> [TASK PROMPT]:
Give the lines below again exactly, starting with the line that holds "Templar Knife Premium" and going on through the line that holds "Tkanina z szyfonu.".

> [PROVIDED DATA]:

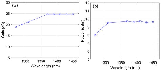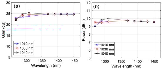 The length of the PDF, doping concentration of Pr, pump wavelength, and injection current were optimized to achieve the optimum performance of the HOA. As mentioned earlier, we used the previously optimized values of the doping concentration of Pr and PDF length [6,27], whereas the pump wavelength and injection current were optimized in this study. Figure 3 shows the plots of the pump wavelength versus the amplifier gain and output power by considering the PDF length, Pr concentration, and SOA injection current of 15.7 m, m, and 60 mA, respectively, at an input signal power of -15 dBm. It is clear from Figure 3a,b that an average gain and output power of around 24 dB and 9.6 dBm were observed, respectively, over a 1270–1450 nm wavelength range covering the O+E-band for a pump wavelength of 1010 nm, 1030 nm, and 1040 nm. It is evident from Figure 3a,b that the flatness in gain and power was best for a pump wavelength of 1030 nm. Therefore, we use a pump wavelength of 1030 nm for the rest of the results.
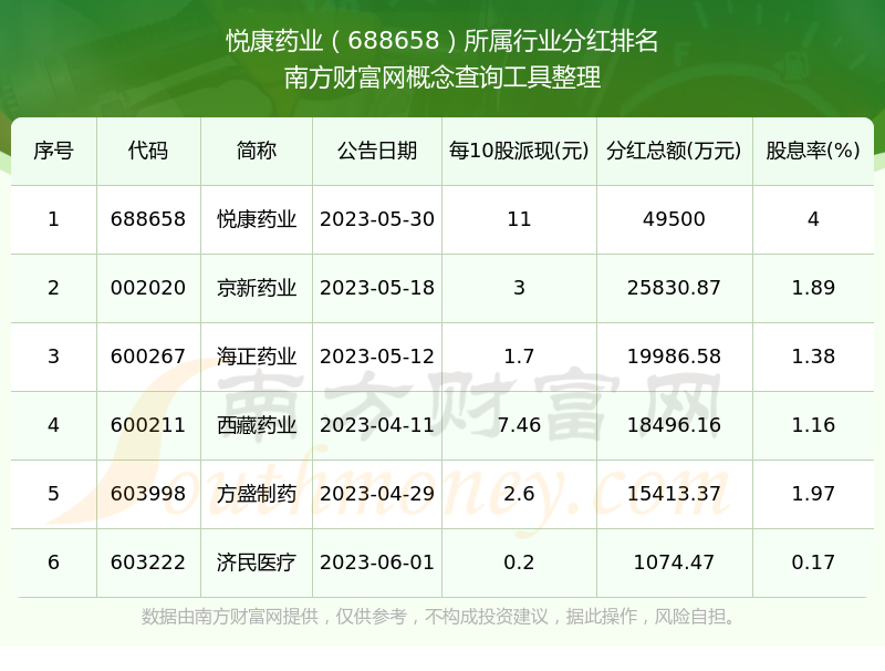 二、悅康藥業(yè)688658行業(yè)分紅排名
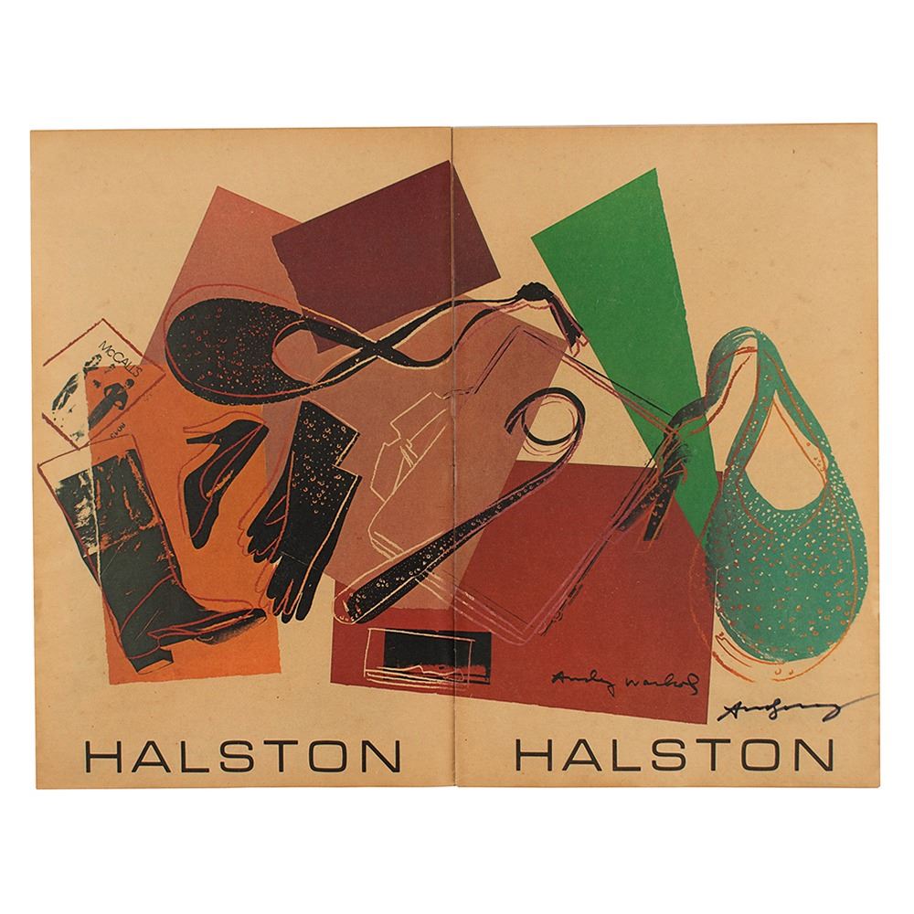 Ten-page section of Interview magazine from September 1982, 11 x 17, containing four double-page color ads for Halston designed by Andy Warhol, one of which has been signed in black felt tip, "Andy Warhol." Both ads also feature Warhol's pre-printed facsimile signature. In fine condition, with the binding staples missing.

==

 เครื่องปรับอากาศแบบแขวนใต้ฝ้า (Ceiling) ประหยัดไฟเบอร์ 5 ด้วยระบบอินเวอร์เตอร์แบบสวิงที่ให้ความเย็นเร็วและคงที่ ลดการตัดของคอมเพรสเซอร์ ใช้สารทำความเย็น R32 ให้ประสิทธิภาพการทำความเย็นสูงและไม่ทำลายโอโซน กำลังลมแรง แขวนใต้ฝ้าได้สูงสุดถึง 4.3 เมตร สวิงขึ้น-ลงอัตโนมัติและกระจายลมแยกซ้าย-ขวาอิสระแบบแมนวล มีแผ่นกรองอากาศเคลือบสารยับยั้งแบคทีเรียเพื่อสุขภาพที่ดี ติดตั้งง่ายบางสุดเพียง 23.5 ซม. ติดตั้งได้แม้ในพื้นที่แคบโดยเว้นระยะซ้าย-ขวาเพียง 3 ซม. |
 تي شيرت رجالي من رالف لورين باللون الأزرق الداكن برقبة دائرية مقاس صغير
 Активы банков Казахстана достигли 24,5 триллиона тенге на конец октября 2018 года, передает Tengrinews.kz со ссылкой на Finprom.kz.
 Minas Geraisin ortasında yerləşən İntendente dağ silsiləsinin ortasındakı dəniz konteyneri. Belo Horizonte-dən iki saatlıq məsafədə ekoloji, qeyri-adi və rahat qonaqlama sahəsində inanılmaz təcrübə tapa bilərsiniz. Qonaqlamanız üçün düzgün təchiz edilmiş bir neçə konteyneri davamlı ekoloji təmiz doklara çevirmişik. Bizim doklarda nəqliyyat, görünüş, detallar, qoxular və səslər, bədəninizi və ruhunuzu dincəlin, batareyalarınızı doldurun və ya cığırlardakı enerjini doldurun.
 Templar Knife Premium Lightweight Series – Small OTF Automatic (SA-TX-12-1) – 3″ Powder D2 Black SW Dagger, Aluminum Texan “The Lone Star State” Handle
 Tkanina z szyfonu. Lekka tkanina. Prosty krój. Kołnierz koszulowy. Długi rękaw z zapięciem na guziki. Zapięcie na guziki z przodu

--

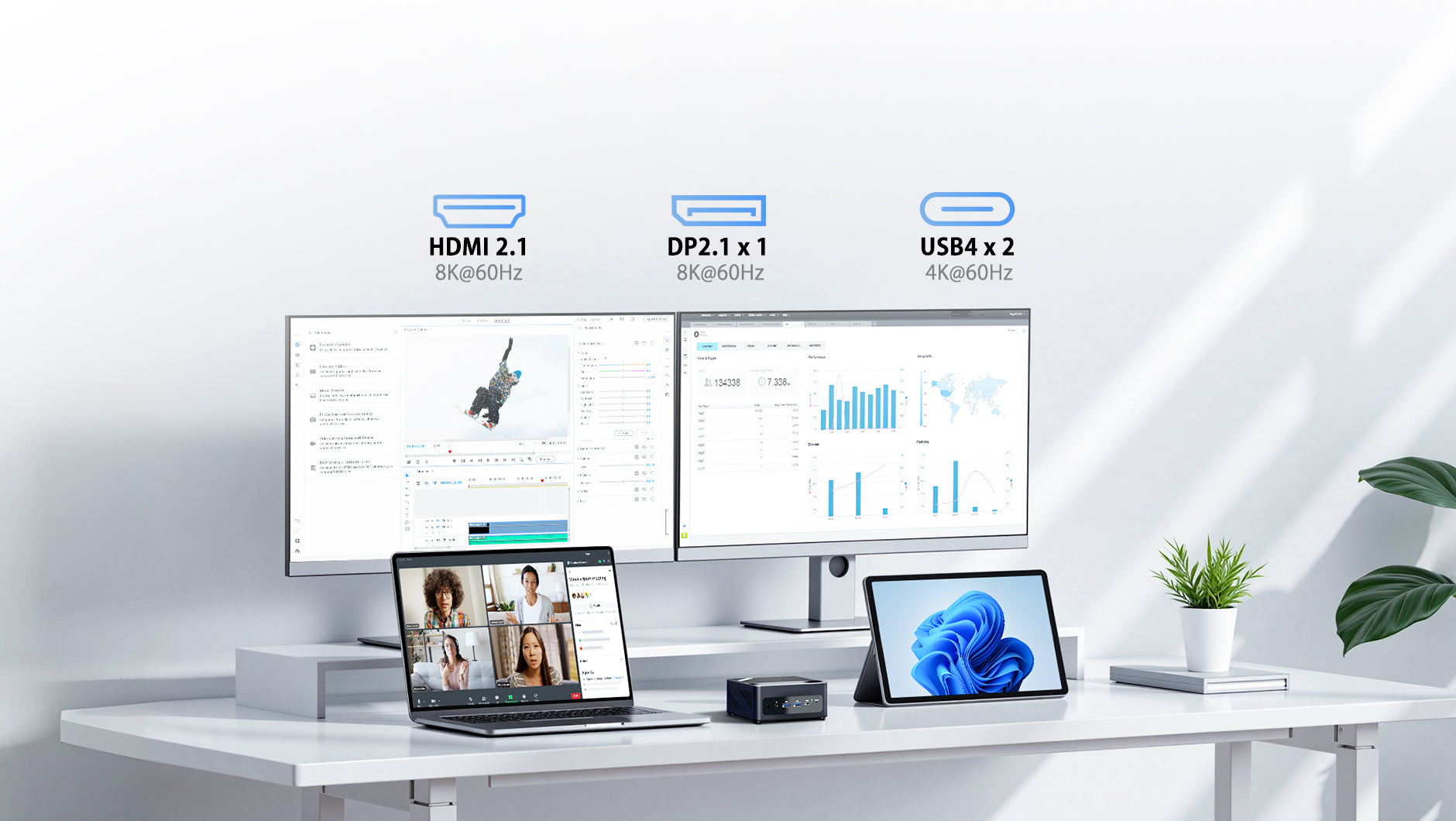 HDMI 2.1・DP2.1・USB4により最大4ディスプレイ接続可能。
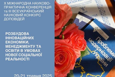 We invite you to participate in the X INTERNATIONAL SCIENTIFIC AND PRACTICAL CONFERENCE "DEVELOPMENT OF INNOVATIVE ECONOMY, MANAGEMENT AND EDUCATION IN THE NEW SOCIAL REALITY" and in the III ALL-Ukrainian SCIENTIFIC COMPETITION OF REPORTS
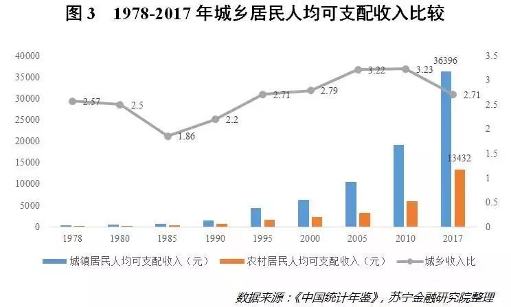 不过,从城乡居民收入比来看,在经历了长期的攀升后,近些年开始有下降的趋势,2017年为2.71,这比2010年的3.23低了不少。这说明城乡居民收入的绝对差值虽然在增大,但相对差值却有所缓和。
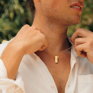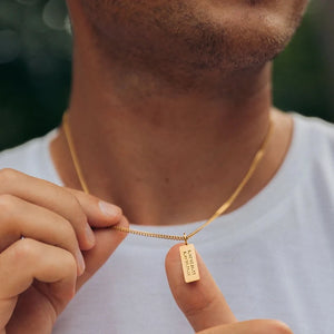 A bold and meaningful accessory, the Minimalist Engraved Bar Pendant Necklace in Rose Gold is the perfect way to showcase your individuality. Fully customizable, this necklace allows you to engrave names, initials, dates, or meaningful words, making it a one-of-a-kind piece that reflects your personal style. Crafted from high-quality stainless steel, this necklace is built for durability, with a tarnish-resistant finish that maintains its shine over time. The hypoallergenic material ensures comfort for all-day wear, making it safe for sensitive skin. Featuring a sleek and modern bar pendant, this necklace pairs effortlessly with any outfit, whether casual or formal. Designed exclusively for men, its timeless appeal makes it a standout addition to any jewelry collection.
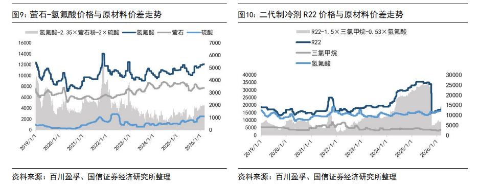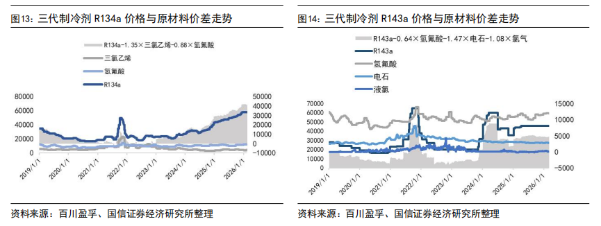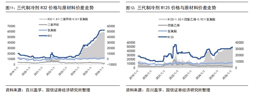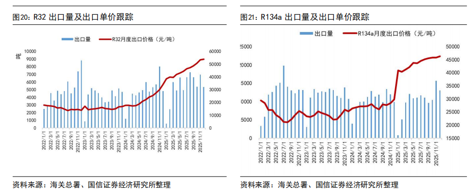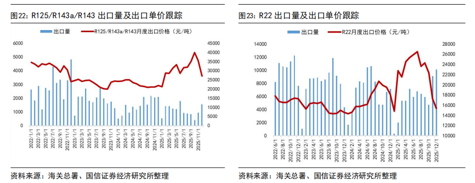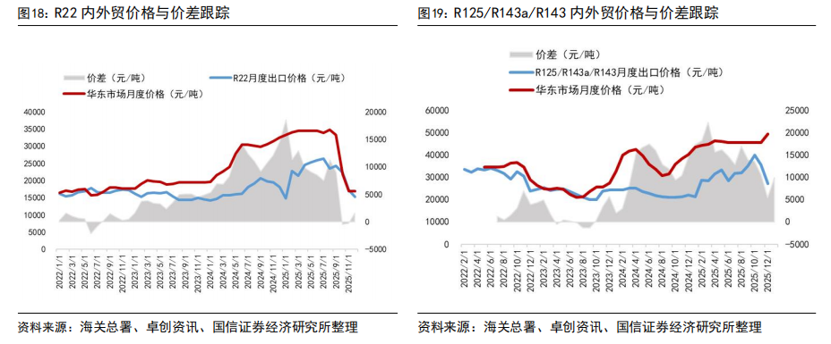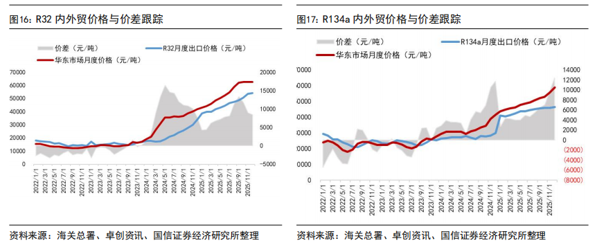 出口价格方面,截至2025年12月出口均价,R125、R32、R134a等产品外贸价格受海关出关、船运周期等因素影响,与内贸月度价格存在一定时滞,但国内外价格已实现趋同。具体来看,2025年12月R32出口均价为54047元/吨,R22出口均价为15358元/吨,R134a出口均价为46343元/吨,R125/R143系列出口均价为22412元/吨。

> [WRITTEN ANSWER]:
 Templar Knife Premium Lightweight Series – Small OTF Automatic (SA-TX-12-1) – 3″ Powder D2 Black SW Dagger, Aluminum Texan “The Lone Star State” Handle
 Tkanina z szyfonu. Lekka tkanina. Prosty krój. Kołnierz koszulowy. Długi rękaw z zapięciem na guziki. Zapięcie na guziki z przodu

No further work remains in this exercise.